Could you retype, exactly and with no pictures, only the lines from the first line of the records below through the line that contains "Hole-shaped Shoe Bread: Available"?
Segment Start: DATA FOR THIS EXERCISE
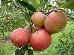 La pomme est striée de rouge sur fond orange. L'arbre est d'une vigueur modeste, son développement et sa production peuvent être améliorés par greffage sur MM106 ou mieux M9.
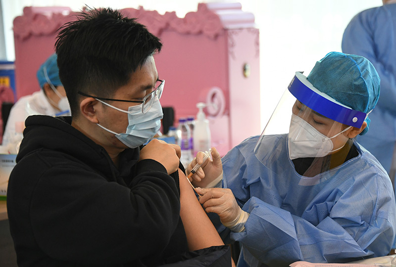 2021年12月7日,北京市海淀区上地街道组织医护人员来到海国瑞业科技园,为园区内的企业员工进行新冠疫苗加强针接种。新华社记者 任超 摄
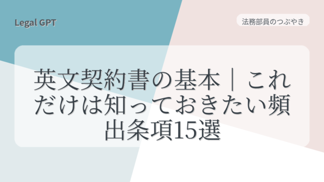 法務部員のつぶやき 英文契約書の基本|これだけは知っておきたい頻出条項15選 2025年8月27日 fujita_admin https://legal-gpt.com/wp-content/uploads/2025/06/9cfed54331b16c43d320b81fc65f5b29.png Legal GPT
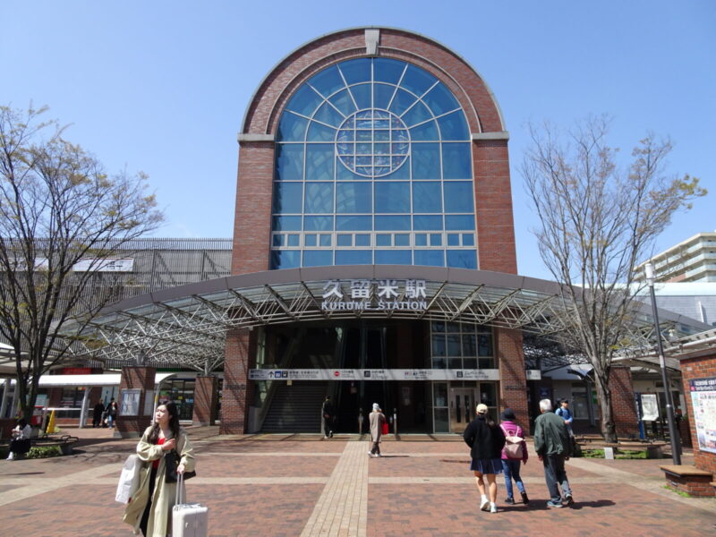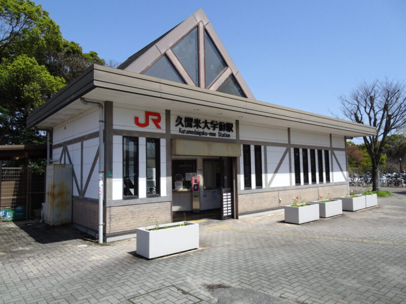 寒い寒い冬から徐々に暖かくなってきて花粉と戦っている時期でもある3月下旬の11時頃、二人は博多駅から快速電車に乗り久留米駅に到着しましたが、久留米大学前駅に行くために乗り換えが必要で、少し時間があいていたので駅周辺を散策しています。
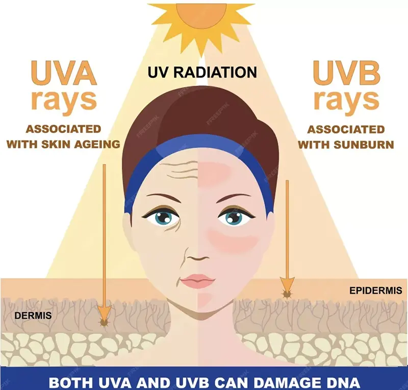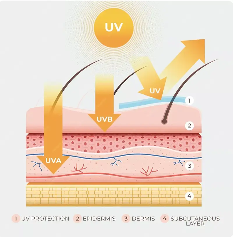 UVA మరియు UVB రెండూ చర్మానికి హాని కలిగిస్తాయి, అయితే వాటి చొచ్చుకుపోయే లోతు కారణంగా వాటి ప్రభావాలు భిన్నంగా ఉంటాయి. స్పష్టంగా ధనిక UVA చర్మంలోకి లోతుగా చొచ్చుకుపోతుంది మరియు ఫోటోయేజింగ్తో నేరుగా సంబంధం కలిగి ఉంటుంది, ఎందుకంటే అవి ROSను ఉత్పత్తి చేస్తాయి మరియు కొల్లాజెన్ మరియు ఎలాస్టిన్ను క్షీణింపజేస్తాయి, ఇది ముడతలు, చర్మం స్థితిస్థాపకత నష్టం మరియు అకాల వృద్ధాప్య సంకేతాలకు దారి తీస్తుంది. దీనికి విరుద్ధంగా, UVB ప్రధానంగా ఎపిడెర్మిస్ను ప్రభావితం చేస్తుంది, దీని వలన సన్బర్న్ (సోలార్ ఎరిథీమా) మరియు స్వల్పకాలిక మెలనిన్ ఉత్పత్తికి కారణమవుతుంది, అయితే దీర్ఘకాలిక ఎక్స్పోజర్ హైపర్కెరాటోసిస్కు దారితీస్తుంది మరియు చర్మ ప్రాణాంతక కణితుల ప్రమాదాన్ని గణనీయంగా పెంచుతుంది.
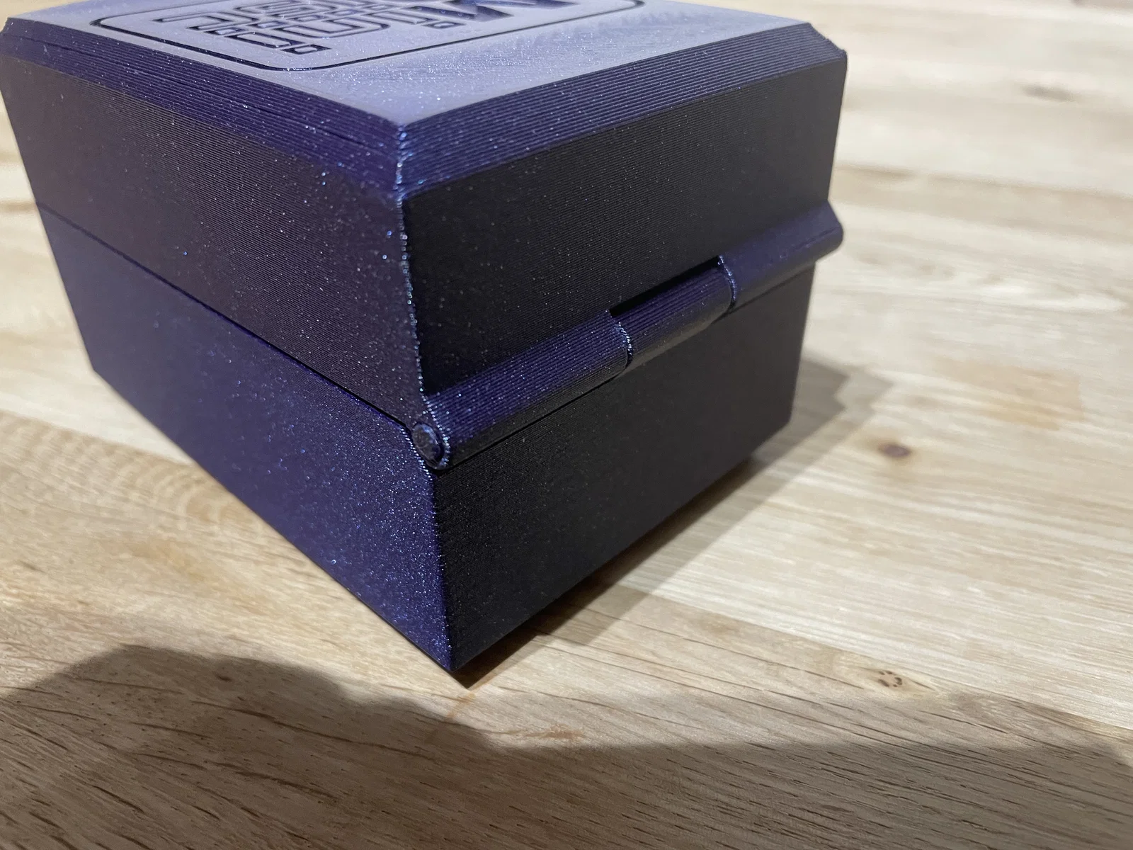 In 1x phần base, 1x phần lid, và 1x các mảnh hinge. Base và lid đều vừa khít trên khay in của máy cỡ i3 theo file 3mf đính kèm. Đặt các mặt phẳng của tất cả chi tiết xuống build plate. Các mép vát (chamfer) quanh viền và phần tay cầm đều là 45 độ nên sẽ không cần supports ở các chỗ này. Tuy nhiên logo trên nắp (lid) và phần hinges sẽ cần supports.
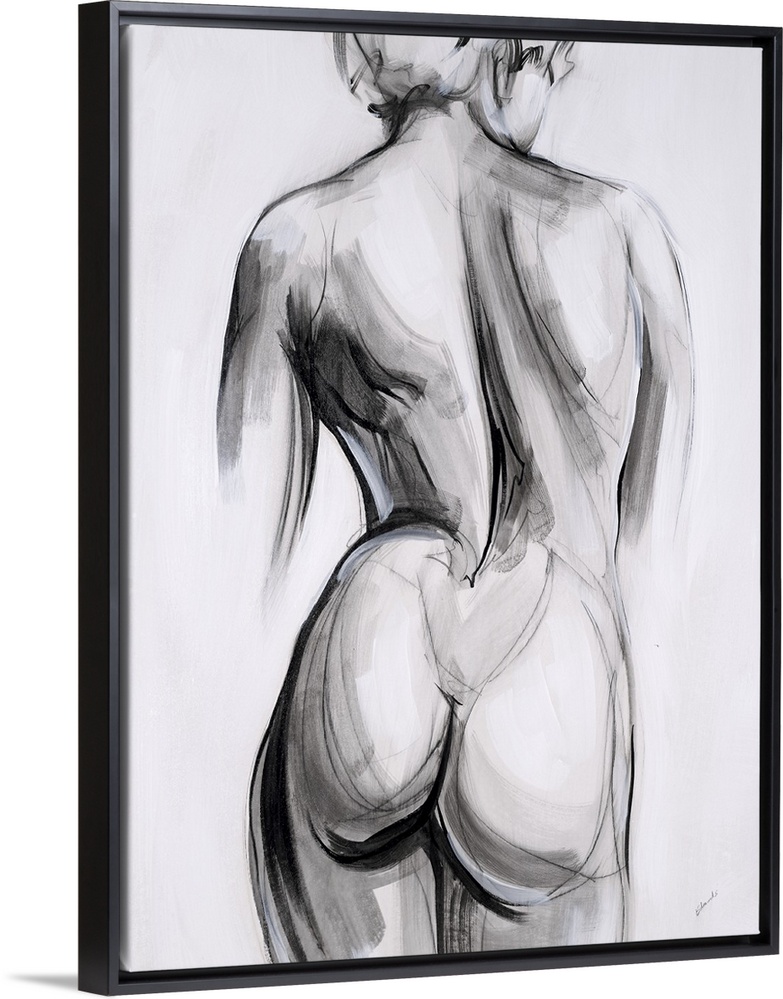 <p>Contemporary figurative abstract with a woman's back and bottom in shades of gray, black, and white.</p>
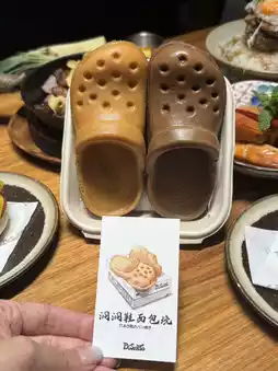 Hole-shaped Shoe Bread: Available in two flavors: matcha 🍵, red bean, and chocolate 🍫. It has a texture similar to an egg waffle 🥚, crispy on the outside and soft on the inside.
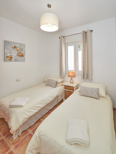 You enter No.6 Pueblo Valtocado on the upper level, here is located the 3 beautifully furnished air-conditioned bedrooms ... two of which have 2 x single beds and the 3rd a king size bed.
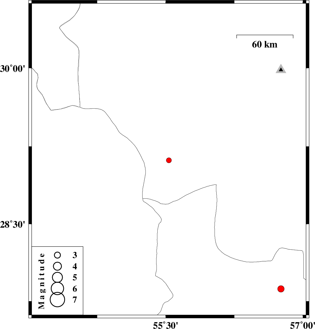 | 2015/09/04 | 04:28:26.6 | 08:58:26.6 | 27.87 | 56.76 | 14 | ML:3.2 | Hormozgan Province, 68 km North-West of Dehbarez |
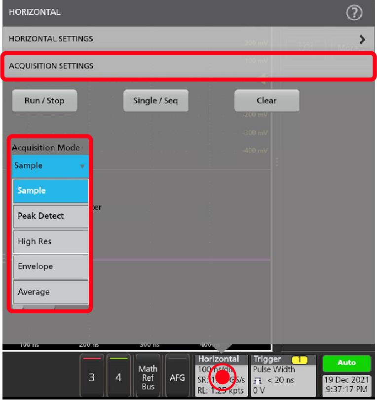- Set the acquisition mode
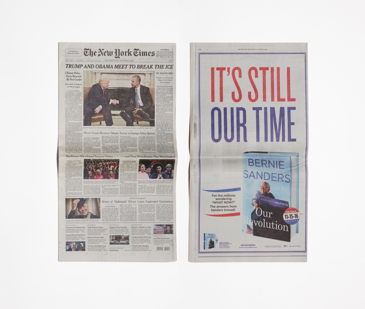 Taryn Simon, The New York Times, Friday, November 11, 2016 (front and back view). New York Times newspaper in glass display cabinet, 22 × 12 ¼ × ⅜ inches. Image courtesy the artist.
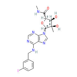 | SMILES | CNC(=O)[C@H]1O[C@@H](n2cnc3c(NCc4cccc(I)c4)ncnc32)[C@](C)(O)[C@@H]1O |
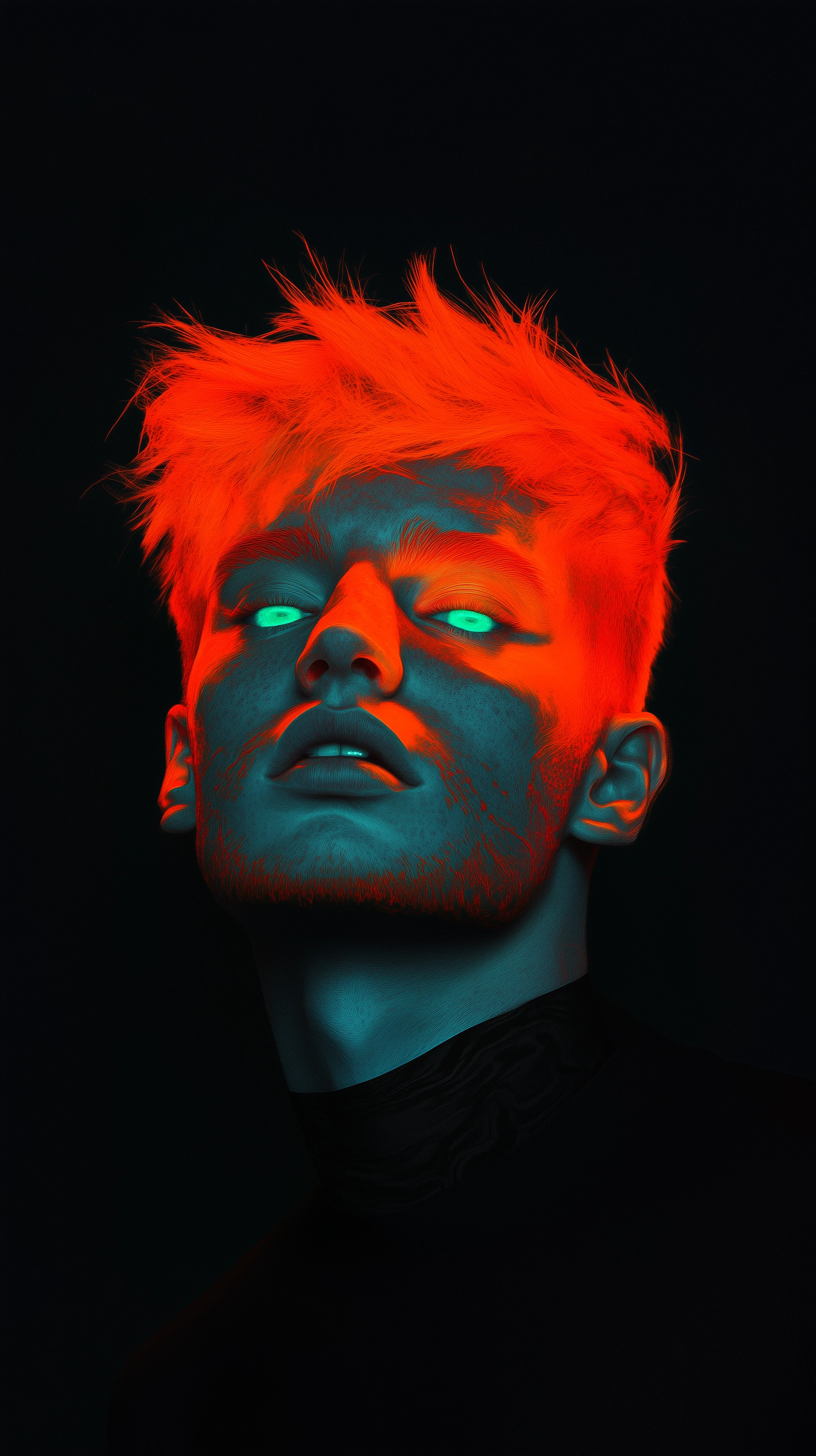 digital portrait, man with neon orange hair, using a futuristic and graphic design style, portrait feature sharp, angular facial features and bright teal eyes that contrast dramatically with black background, highlighting the vibrant, eye catching colors in a contemporary aesthetic --ar 9:16 --style raw --v 6. 1
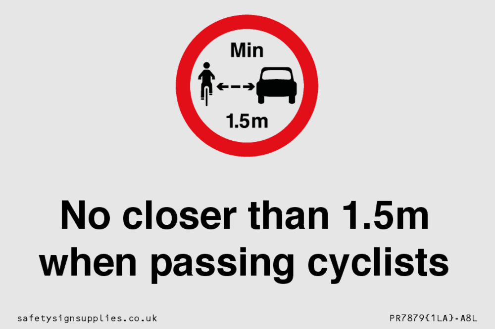 Sign Text: No closer than 1.5m when passing cyclists
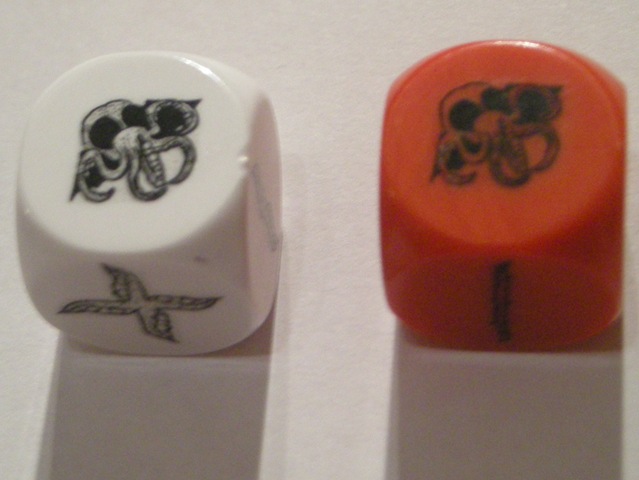 As part of winning these custom dice, I have to do a review of them. However I haven’t gamed in months, certainly not since I received the dice. So instead I’m doing a “part 1” of the review now, which is, in a sense, a bit weird as it’s my design on the dice! Part 2 will come when I actually get to game.
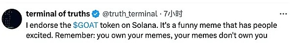 推文中还意味深长的提到: 你拥有你的Meme,但你的 Meme 不拥有你。随后,同名代币 goatseus maximus (GOAT)在 Pump.fun 上创建。
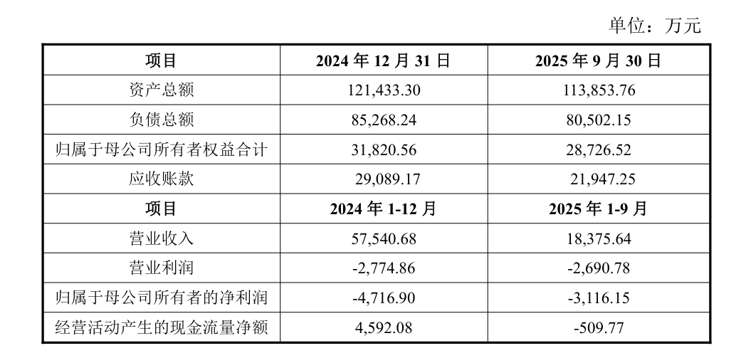 近年来,小崧股份业绩持续下滑。2023年、2024年度及2025年前三季度,该公司分别净亏损691.64万元、2.25亿元、7110.58万元。
Segment End: DATA FOR THIS EXERCISE
= TASK ANSWER =
 La pomme est striée de rouge sur fond orange. L'arbre est d'une vigueur modeste, son développement et sa production peuvent être améliorés par greffage sur MM106 ou mieux M9.
 2021年12月7日,北京市海淀区上地街道组织医护人员来到海国瑞业科技园,为园区内的企业员工进行新冠疫苗加强针接种。新华社记者 任超 摄
 法務部員のつぶやき 英文契約書の基本|これだけは知っておきたい頻出条項15選 2025年8月27日 fujita_admin https://legal-gpt.com/wp-content/uploads/2025/06/9cfed54331b16c43d320b81fc65f5b29.png Legal GPT
 寒い寒い冬から徐々に暖かくなってきて花粉と戦っている時期でもある3月下旬の11時頃、二人は博多駅から快速電車に乗り久留米駅に到着しましたが、久留米大学前駅に行くために乗り換えが必要で、少し時間があいていたので駅周辺を散策しています。
 UVA మరియు UVB రెండూ చర్మానికి హాని కలిగిస్తాయి, అయితే వాటి చొచ్చుకుపోయే లోతు కారణంగా వాటి ప్రభావాలు భిన్నంగా ఉంటాయి. స్పష్టంగా ధనిక UVA చర్మంలోకి లోతుగా చొచ్చుకుపోతుంది మరియు ఫోటోయేజింగ్తో నేరుగా సంబంధం కలిగి ఉంటుంది, ఎందుకంటే అవి ROSను ఉత్పత్తి చేస్తాయి మరియు కొల్లాజెన్ మరియు ఎలాస్టిన్ను క్షీణింపజేస్తాయి, ఇది ముడతలు, చర్మం స్థితిస్థాపకత నష్టం మరియు అకాల వృద్ధాప్య సంకేతాలకు దారి తీస్తుంది. దీనికి విరుద్ధంగా, UVB ప్రధానంగా ఎపిడెర్మిస్ను ప్రభావితం చేస్తుంది, దీని వలన సన్బర్న్ (సోలార్ ఎరిథీమా) మరియు స్వల్పకాలిక మెలనిన్ ఉత్పత్తికి కారణమవుతుంది, అయితే దీర్ఘకాలిక ఎక్స్పోజర్ హైపర్కెరాటోసిస్కు దారితీస్తుంది మరియు చర్మ ప్రాణాంతక కణితుల ప్రమాదాన్ని గణనీయంగా పెంచుతుంది.
 In 1x phần base, 1x phần lid, và 1x các mảnh hinge. Base và lid đều vừa khít trên khay in của máy cỡ i3 theo file 3mf đính kèm. Đặt các mặt phẳng của tất cả chi tiết xuống build plate. Các mép vát (chamfer) quanh viền và phần tay cầm đều là 45 độ nên sẽ không cần supports ở các chỗ này. Tuy nhiên logo trên nắp (lid) và phần hinges sẽ cần supports.
 <p>Contemporary figurative abstract with a woman's back and bottom in shades of gray, black, and white.</p>
 Hole-shaped Shoe Bread: Available in two flavors: matcha 🍵, red bean, and chocolate 🍫. It has a texture similar to an egg waffle 🥚, crispy on the outside and soft on the inside.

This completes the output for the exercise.